New TSANZ position on management of IPF/PPF


By Mardi Chapman

1 Feb 2024

TSANZ has updated its position on the management of idiopathic pulmonary fibrosis (IPF) and, for the first time, included the treatment of non-IPF progressive pulmonary fibrosis (PPF).

The position statement, published in Respirology [link here], recognises the important role of anti-fibrotic therapy in both conditions and non-pharmacological therapies, including oxygen and pulmonary rehabilitation.

Regarding anti-fibrotic therapy for IPF, the position paper said both nintedanib and pirfenidone have been shown to be effective in slowing the rate of decline in lung function.

It also said that several national IPF registries, including Australia’s, reported a survival benefit with anti-fibrotic therapies compared to untreated cohorts.

“Given that both anti-fibrotics demonstrate efficacy in early/mild disease, all patients should be considered for anti-fibrotic therapy at IPF diagnosis,” it said.

However, there was no evidence of a superior benefit from the combination of pirfenidone and nintedanib; therefore, combination anti-fibrotic therapy is not currently recommended outside clinical trials.

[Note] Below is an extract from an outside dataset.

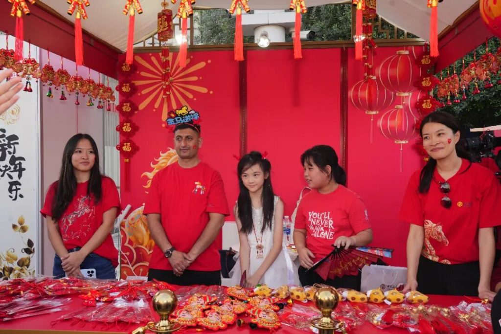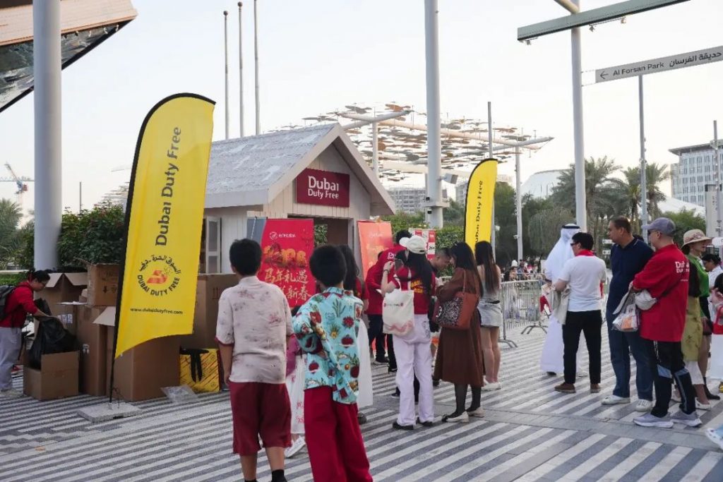 此外,【银联Union Pay】特意安置了一块极具中国特色的的打卡地,让很多小伙伴拍照打卡,还有精美的礼包,冰箱贴,免费赠送给热情参展的同胞们,【迪拜免税店】将酒类产品的九折二维码放在店外,并为往来的群众送上免费的巧克力和精美的护照套;【BA面包】则将新鲜出炉、冒着热气的面包陈列在恒温保温箱中供人选购……还有众多商亭向游人赠送中国结、红包、福字和对联,让巡游结束后的集市仍保持了一下午的热潮。

The position statement provides tips for the management of adverse events with anti-fibrotic therapy, noting that disease progression and treatment toxicity are the most common reasons for discontinuing treatment.

It said that PBS funding allows for switching between the two drugs for toxicity, but switching may also lead to time off therapy and potentially expose patients to new intolerances.

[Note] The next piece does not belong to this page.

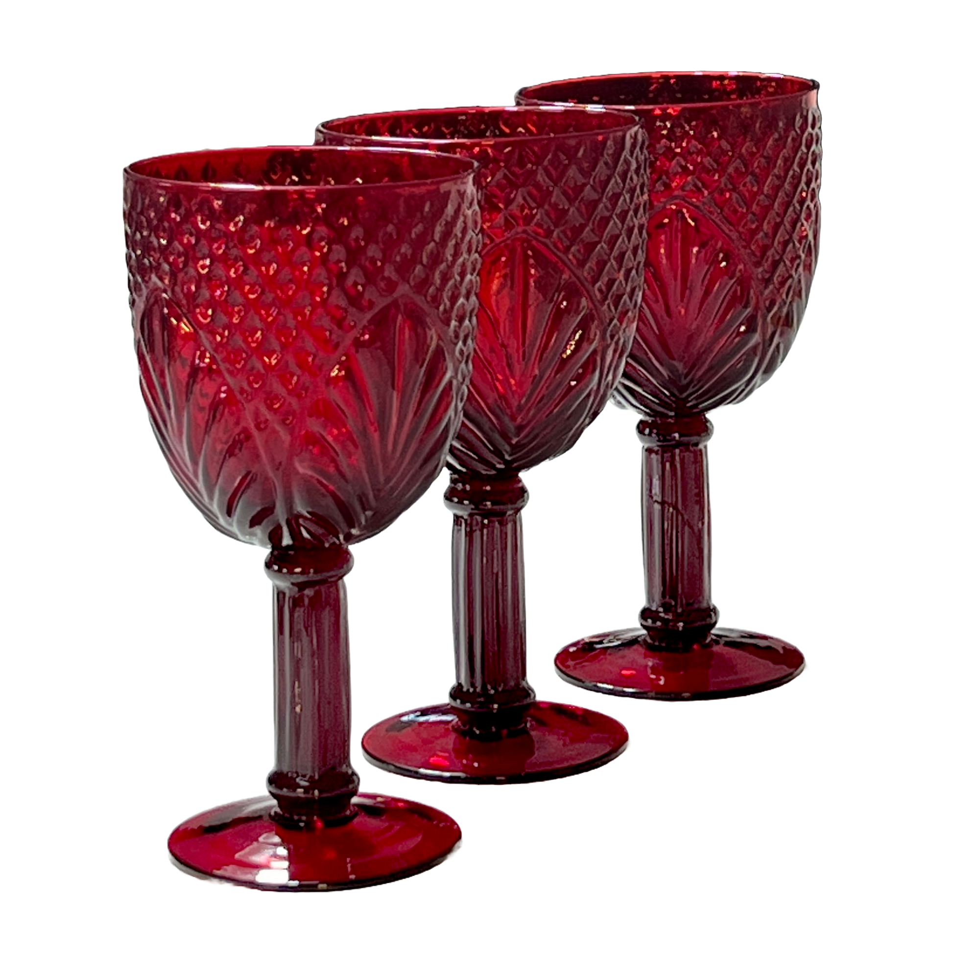 Red Glass Water Goblet Set, Diamond Fan Design 7-in.

“There is no evidence that switching to an alternative anti-fibrotic favourably impacts disease progression,” it said.

The position statement noted that nintedanib should be considered in patients with PPF “with evidence for treatment benefit across a range of ILD subgroups. ”

“Despite demonstrating progressive disease behaviour, certain ILDs may still be best treated with immunosuppression such as CTD-ILD, or antigen avoidance in fibrotic hypersensitivity pneumonitis, potentially alongside the addition of nintedanib,…” it said.

The position paper said all patients with IPF and PPF should be presented with the option to participate in clinical trials of novel agents such as fibulin-1c inhibitors, checkpoint inhibitors, inhibitors of profibrotic macrophages, and modulators of cellular senescence.

Unmet areas of clinical need

The position paper said there were no proven therapies for acute exacerbations of IPF.

Non-invasive ventilation and high-flow oxygen were often initiated, as were high-dose corticosteroids, but without any data to support these approaches.

Mechanical ventilation was discouraged except in limited situations such as bridge to transplant.

“Management consists of supportive care with a focus on palliation of symptoms, supplemental oxygen to correct hypoxaemia and consideration of broad-spectrum antibiotics and antiviral agents to cover possible infection,” it said.

Regarding timely access to palliative care, the position paper said the pervasive misconception that palliative care is solely for end-of-life care continued to be a barrier to best practice.

It referenced 2023 ERS guidelines [link here] which call for palliative care initiation “when there are unmet physical, psychological, social or spiritual/existential unmet needs.”

“This is particularly pertinent to IPF and PPF, where patients are faced with a significantly shortened survival, inevitable disease progression in an unpredictable fashion, and worsening symptoms despite anti-fibrotic therapy.”

Genetic risk

The position paper said telomere shortening, secondary to mutations in telomere-related genes, was the most common genetic association in families with pulmonary fibrosis.

“Additionally, telomere shortening is identified in up to 25% of sporadic IPF cases and associates with worse prognosis.”

As well as the more aggressive disease trajectory, patients with telomere shortening appeared to be particularly susceptible to the harmful effects of immunosuppression.

“Such patients may experience rapid deterioration, and early referral to a lung transplant unit should be considered,” the position paper said.

The position statement’s authors, led by Dr John Mackintosh from The Prince Charles Hospital in Brisbane, said the future of IPF and PPF management was likely to be increasingly complex and individualised.

“Despite current limitations in the management of IPF and PPF, through a global collaborative effort and clinical trial endeavours, the future for this patient cohort looks promising,” they concluded.